Погнали меня в больницу, а там в меня, в совершенно голого, две недели каждый день втирали какую-то вонючую мазь. И никогда не забуду глаза той медсестрички, которая меня натирала этой мазью, когда я представал перед ней, в чем мать родила. Они у нее сразу становились какими-то маслянистыми, с поволокой, и ухмылочка была такая… поганая. Отчего я сразу терялся и стушевывался и боялся встречаться с ней глазами.

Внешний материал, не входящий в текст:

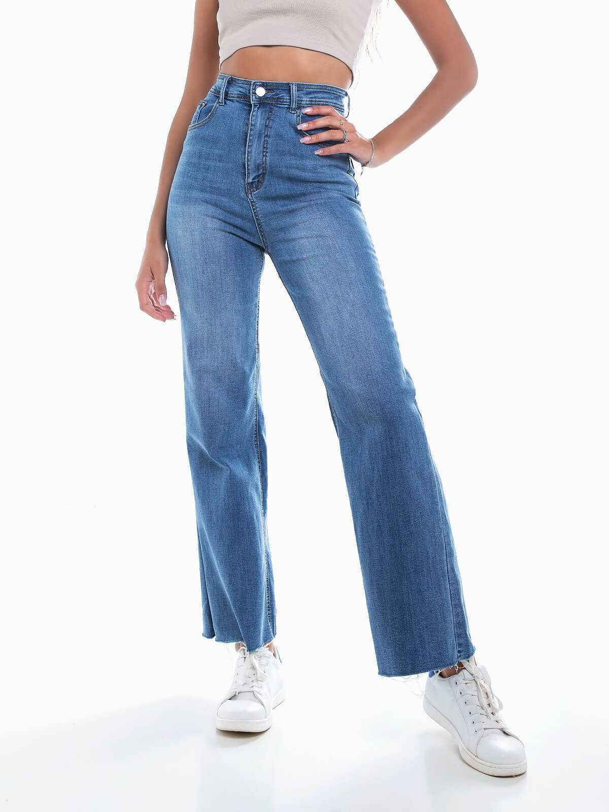 Jeans de perna reta com bainha desfiada para senhora. Calças ganga de cintura alta com 5 bolsos. Aperto de fecho éclair e botão.
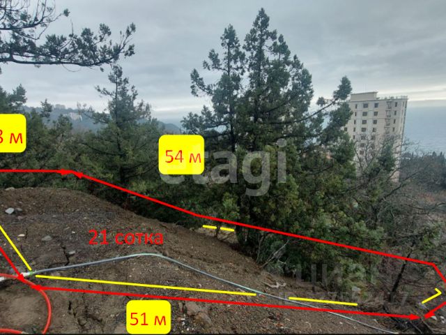 Участок 20 соток (по документам, а фактически 22,8 с возможностью расширения), сухой, с легким уклоном, в окружении леса. Не имеет соседей по границе, что является большим преимуществом. Участок исторически сложившийся, более 40 лет проживают члены одной семьи. Электричество заведено в дом, вода от поселкового водопровода из горных родников, асфальтированная дорога до участка. Территория ухоженная, много взрослых плодовых деревьев (яблони, груши, айва, инжир, кизил, грецкий орех и др.), смородина, малина, клубника, виноград, разработанные грядки, цветники. Имеется гараж и хоз. постройки. Достаточно места для строительства нового дома. Поселок расположен на границе Ялтинского горно-лесного заповедника, на высоте 400 м над уровнем моря, чистейший воздух, пение птиц, тишина круглый год. Открываются прекрасные виды на гряду Крымских гор и окрестности.

И лишь спустя годы, вспоминая выражение лица той молодой еще медсестры (было ей где-то в районе тридцатника, но мне она казалась очень взрослой теткой), я понял, что она меня, пацана совсем еще, - правда, с далеко не детским уже «инструментом, просто хотела. Сейчас-то я такие взгляды воспринимаю как надо. Как и в случае с этой вот Валюхой.
Но, кажется, у меня намеченное мероприятие обламывается. И пока не разберусь, в чем там дело, стыковки с Валюхой быть не может. А вдруг и ее заражу чесоткой? Хотя на чесотку не похоже. При этой дряни, вспомнил я, сначала начинает чесаться между пальцев рук. А тут – сразу, извини за выражение, под яйцами. Да кого там – уже и на яйцах!
И вот значит, лежу я, и потихоньку, чтобы соседи не услышали, но настойчиво скребу свое хозяйство, и горестно размышляю, за что же мне такая напасть… Ну, хорош ржать-то! Мне лично тогда не до смеха было.
Еле-еле дожил до утра, дождался, когда архитекторы свалят на завтрак, сразу закрылся в номере и стал через зеркальце, приставив его снизу, рассматривать, что же у меня там такое? И показалось мне, что какие-то серые струпья на мошонке образовались, и под ними-то и зудится.
Соскреб я ногтем один из таких струпьев, бросил его на пол. И показалось мне, что он медленно-медленно пополз. Тогда я соскреб второй, положил на газетку на столе. Бля-я! У этого плоского струпа по бокам – тонкие крючковатые ножки, и он ими болтает в воздухе.
Я, поверишь – нет, помертвел от ужаса и отвращения. И хотя мандавошек, извини за выражение, сроду не видел, тут же понял – она, сука! Лежит на спине и болтает лапками. Просит, чтобы ее перевернули. Ага, щас! Ты их когда-нибудь подхватывал? И не дай бог! Очучения – непередаваемые.
Поджарил я эту тварь спичкой, а ту, что на полу ползала в поисках, куда бы ей, бездомной, прибиться, растоптал каблуком. А сам думаю со злостью: ну попадись мне сейчас та поездная блядь – извиняться не буду, блядь она и есть блядь, - проводница то есть, так же растоптал бы, на хрен. Это ведь она меня такой забавной микрофауной наградила, больше некому.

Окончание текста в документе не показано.